Josephine Ekomo's HRP Aptamer Project (2016)

Aptamer Selection: N71 Against Horseradish Peroxidase for ELISA

Introduction/Background

Horseradish Peroxidase(HRP) is a metalloenzyme that can be found within the root of a horseradish plant. It uses hydrogen peroxide to oxidize compounds and emits a blue color when exposed ultraviolet light. It has been said to be highly reactive

to human tumor cells and has a possible use in cancer therapy. Despite this its main use has been in diagnostics in one such procedure called an ELISA (Figure 1). An ELISA is an Enzyme-Linked ImmunoSorbent Assay with a plate-based technique that is designed to detect and quantify substances such as antibodies and proteins. It works through several methods; Direct ELISA(2.a) is where the target is immobilised onto a surface and blocked by the addition of an aptamer and conjugated HRP. This type of ELISA is used to estimate dissociation constants of aptamers against targets; determine affinity of any aptamer for a target.

In an Indirect ELISA(2.b), which will used in future work, the target is immobilized on a surface and the antibodies are allowed to bind to the target. The antibody capturing, enzyme labeled aptamer binds to that antibody and generates

signals. This is an unpopular method due to the uncertainty and unspecified impurities of antigen immobilization. However, this procedure allows an aversion to labelled antibodies to send signals when aptamers are more readily available.

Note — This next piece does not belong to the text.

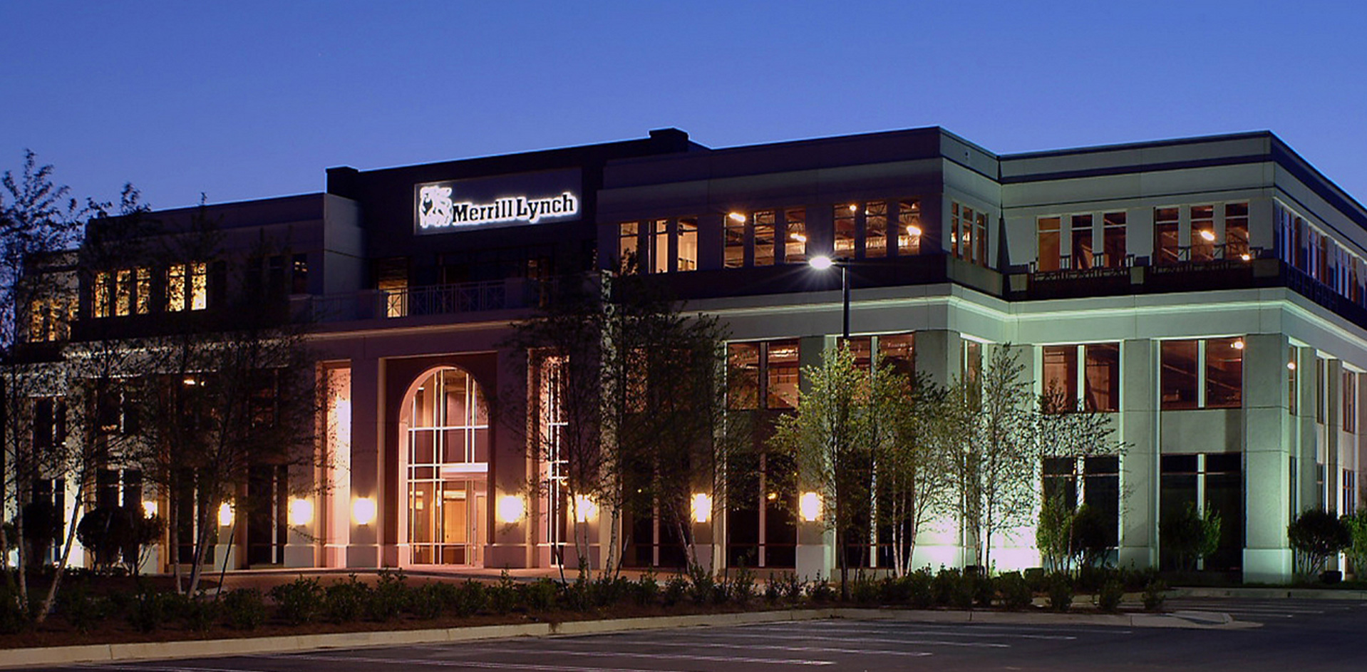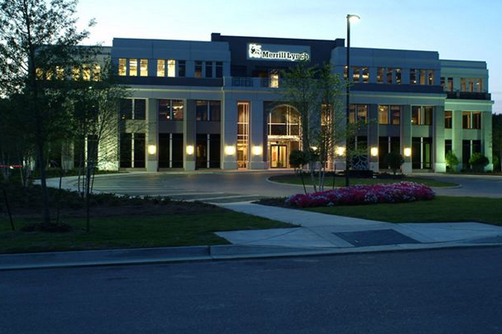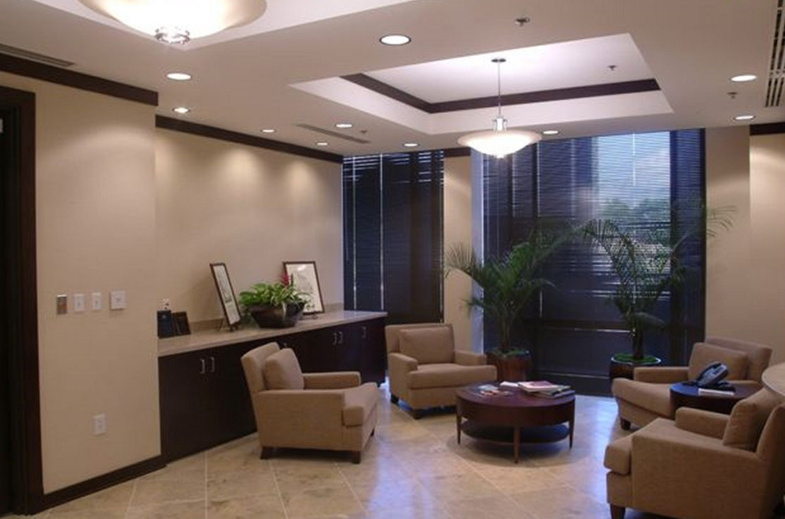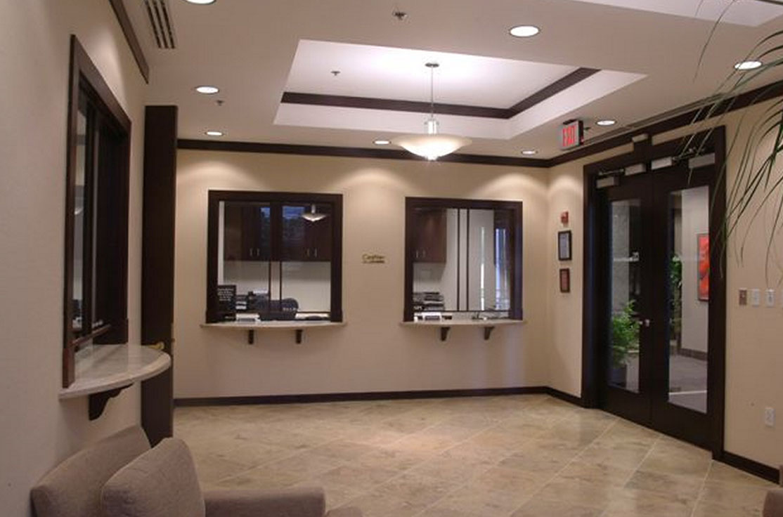 This Class A office building makes an architectural statement with coordinated tones of mahogany rendered in the pre-cast exterior. A brick-paved motor court leads to an arched entrance and into the luxurious lobby. Large windows flood the interior with light, enhancing the sophisticated colors of gray and coffee in the stone and carpeted floors. Paneled walls and coffered ceilings provide richness in detail and are lit to accent the expert craftsmanship.

A Sandwich ELISA isn’t dependent on target immobilization and instead falls back on the effectiveness of the aptamer being able to catch the target. The sandwich ELISA comes in many forms such as the Aptamer-target-antibody(2.c) where the aptamer is immobilized and it’s high affinity target will attach more so than an antibody(2.d). This is based around the idea of aptamers being easier to produce and being highly specific for a target.

In contrast to antibodies, aptamers have varied applications in assays and can be easily modified as required. Their small size also aids in transport to places antibodies are too large to fit through. Aptamers were selected in vitro starting with the incubation of an oligonucleotide library with target, separation of bound from unbound RNA sequences(Figure 3), and amplification which happens in several cycles to help generate an enriched pool of RNA that should have a high affinity for the target used during selection. Further methods can be seen in the methods and materials section below. Currently aptamer selection for HorseRadish Peroxidase is underway under conditions to be used in diagnostics.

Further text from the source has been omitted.